A delighted smile flashed over the girl’s dirty face. She leaped from the stool and raced up the stairs to the passageway that linked to the Great Hall.
At the end of the passage a carved wooden screen hid the entrance from view of the nobles within. Columbine waited there, peering eagerly through the fretwork. Lords and their ladies came sweeping by, speaking of the day’s adventure and how the Jack of Clubs had the almond hind in his sights at least twice, but refrained from loosing his bow. The Jill of Spades was most scornful. His love of beast and bird was well known, but such displays of mercy were foolishness.
Hearing their chatter, the girl grinned and moistened her lips. The Jack of Clubs always took a long time to enter the Great Hall, for he would not suffer any groom to stable Ironheart, his splendid horse. He did the work himself, speaking to it like a lover, and often slept in the stall for it was the last of the untameable steeds and there was no finer beast in the land.
Columbine stroked the back of the screen with her rough fingertips, impatient for a sight of the handsome youth. He was the pride of Mooncaster, the hero of many hearts, and his golden hair and steadfast voice were always capering through her dreams when she was away from this place.
The gossip of the Court fell to a hush and the Jack of Clubs came striding through the main doors. He laughed with the Jill of Hearts, who stepped forward to try and capture him with her beauty, and shared a pleasantry with his father, the King of Clubs.
Columbine drank in every detail: his curling hair that was likened to a ram’s fleece bathed in the sunset, the soft, wispy moustache that curled at the ends and heightened his beguiling smile. The sleeves of his shirt were rolled up past the elbow and she clasped herself in her own grubby arms, breathless with imaginings. She closed her eyes and shivered with secret pleasure.
Suddenly a real hand closed tightly round her arm. She gasped in fright as a tall, portly man came sidling further behind the screen.
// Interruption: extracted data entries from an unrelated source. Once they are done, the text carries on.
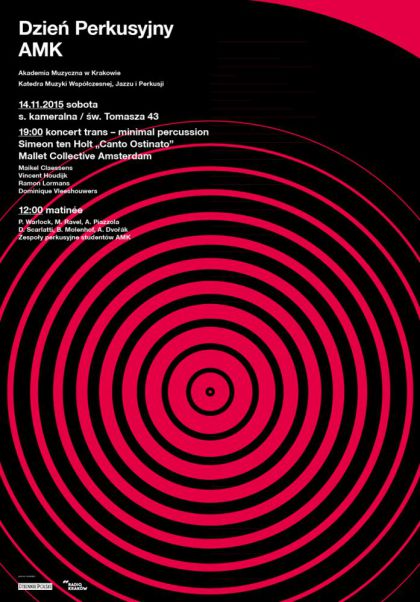 | Katedra Muzyki Wspczesnej, Jazzu i Perkusji po raz kolejny zaskoczy swoich sympatykw. A to ju w sobot 14 listopada o godzinie 19:00, kiedy to zabrzmi utwr ciekawostka, minimal perkusyjny popularny w Holandii, Canto Ostinato Simeona Ten Holta. Utwr trwa bdzie ok. 70 minut, a publiczno moe na koncert przyj z poduszkami, by podda si jego kontemplacji. Wstp wolny.(...) ... więcej » |
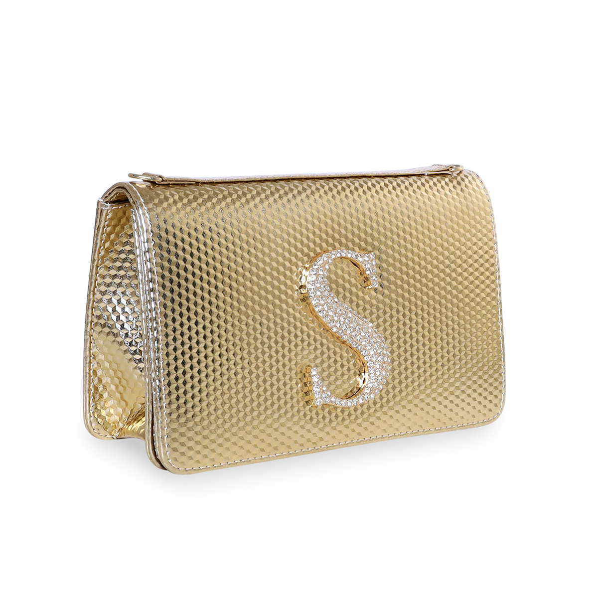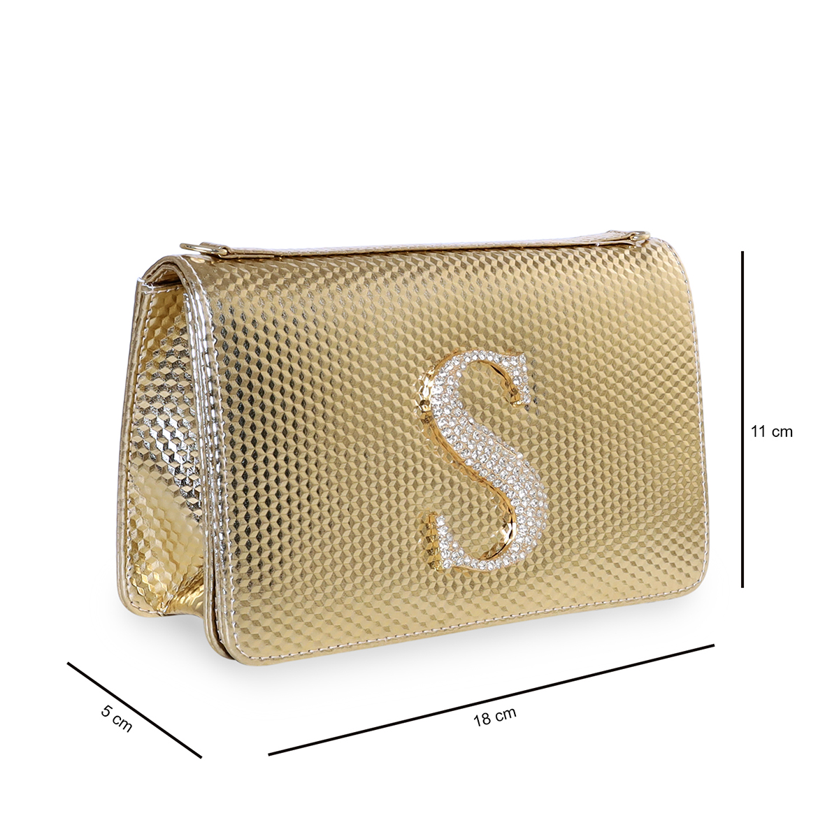 ESBEDA Gold Color Crystal Alphabet Slingbag For Women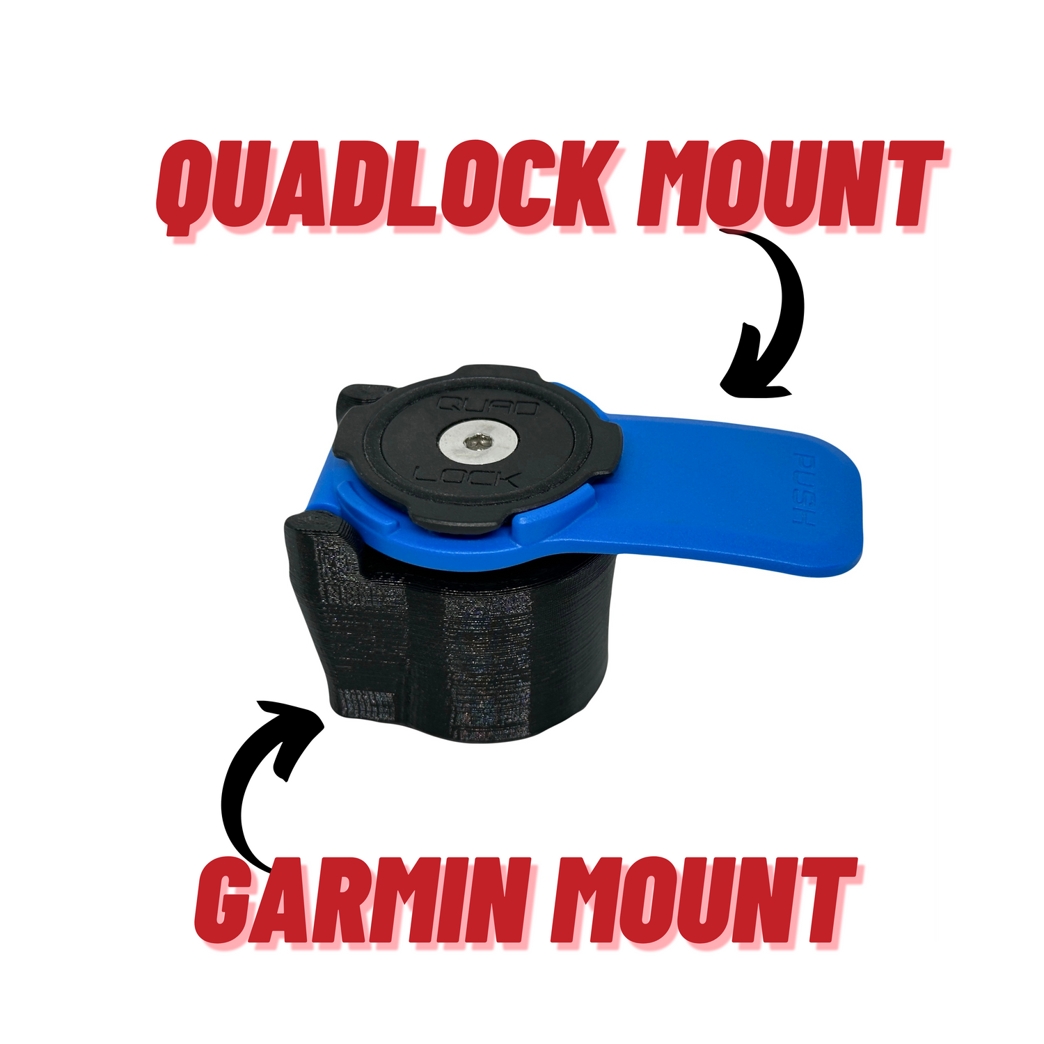 GarminLock is designed to connect a Garmin Mount to a QuadLock mount. Simply snap the GarminLock onto a compatible QuadLock device, now twist the GarminLock into place on your Garmin mount.

“Haw haw haw,” he chuckled softly.
It was the Jockey, the one courtier whom everyone in Mooncaster feared. He played unpleasant tricks and games on them, always seeking to cause mischief and strife between friend and neighbour. Even the Ismus found his presence unsettling and ungovernable.
He brought his stout bulk closer and the caramel-coloured leather of his tightly buttoned outfit creaked and strained. Columbine tried to pull away, but his grip was fierce.
“You set your eyes on too high a trophy,” he told her. “But what eyes they are, as green as the stone in the head of a wishing toad. How they flash and glare at me. Such hate, such pride in one so low.”
“My arm!” she protested. “You hurt, my Lord.”
“Haw haw haw,” he laughed. “No bruise will show through the filth on your flesh!”
“I shall cry out.”
“Then do so. None shall attend. The Jockey’s ways are never questioned.”